0007476|whatever|00313865000|whatever

我需要的是一个布尔表示是或否。
现在我所做的就是逐行读取文件并进行正则表达式匹配:

All I need is a boolean saying yes or no. Now what I have done is to read the file line by line and do a regular expression matching:

Pattern pattern = Pattern.compile(regex);
Scanner scanner = new Scanner(new File(fileName));
        String line;
        while (scanner.hasNextLine()) {
            line = scanner.nextLine();
            if (pattern.matcher(line).matches()) {
                scanner.close();
                return true;
            }
        }

正则表达式的格式为

"0007476\|\d{12}\|0031386500.*

此方法有效,但搜索远离起始行的字符串通常需要15秒。有更快的方法可以实现吗?谢谢

This method works, but it takes usually 15 seconds to search for a string that is far from the start line.
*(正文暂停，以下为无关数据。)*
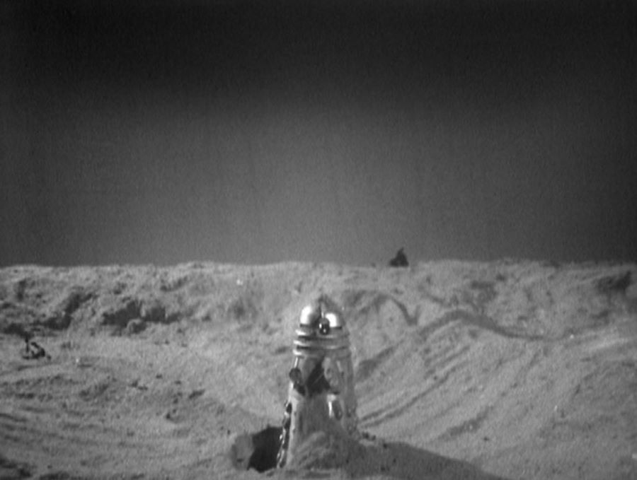 Joking aside, I think it would have been better to have shot the Dalek rising up from the sand in a close-up shot. After all, we saw the Dalek coming up out of the waters of the Thames in ‘The Dalek Invasion of Earth’ close enough compared to viewing a Dalek rising up from the sand in the distance.

Is there a faster way to achieve that? Thanks

推荐答案

我认为你需要扫描器因为文件太大了改为读入单个字符串

I assume that you need the Scanner because the file is too big to read into a single String instead?
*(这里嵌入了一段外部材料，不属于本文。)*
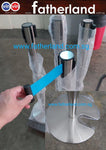 Stackable Stainless Steel Queue Pole with Blue Belt ( vinvin 2021 series ) Ideal for any effective crowd direction and control. 910mm meter height with U diameter base and 2 meter long belt for...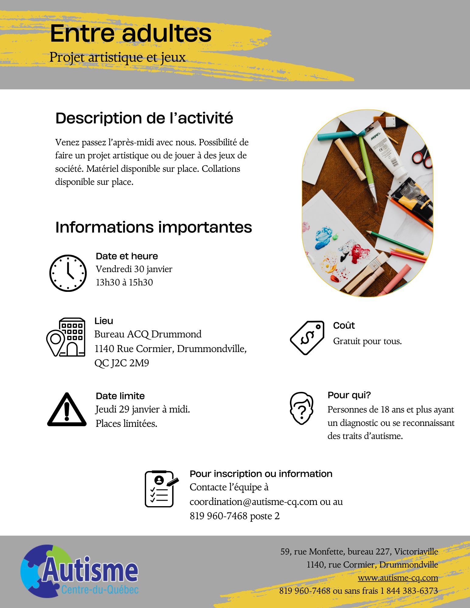 Pour inscription ou information 819 960-7468 poste 2 ou coordination@autisme-cq.com

如果的话,您可以使用直接找到匹配项的正则表达式。根据您是否关心行开头的特定文本,您可以使用以下内容:

If that is not the case, you can probably use a regular expression that finds the match directly. Depending on whether or not you care about the specific text at the start of the line you can you something along the lines of:

(?m)^ 0007476 \ | \d {12} \ | 0031386500。* $

如果由于内存使用需要将其分解成较小的块,我建议不要阅读o na每行基础,(因为线条相当短),但使用像 BufferedReader 这样的东西处理更大的块?

If you do need to break it up into smaller chunks because of memory usage I would suggest not reading on a per line basis, (since the lines are rather short), but process bigger chunks using something like a BufferedReader instead?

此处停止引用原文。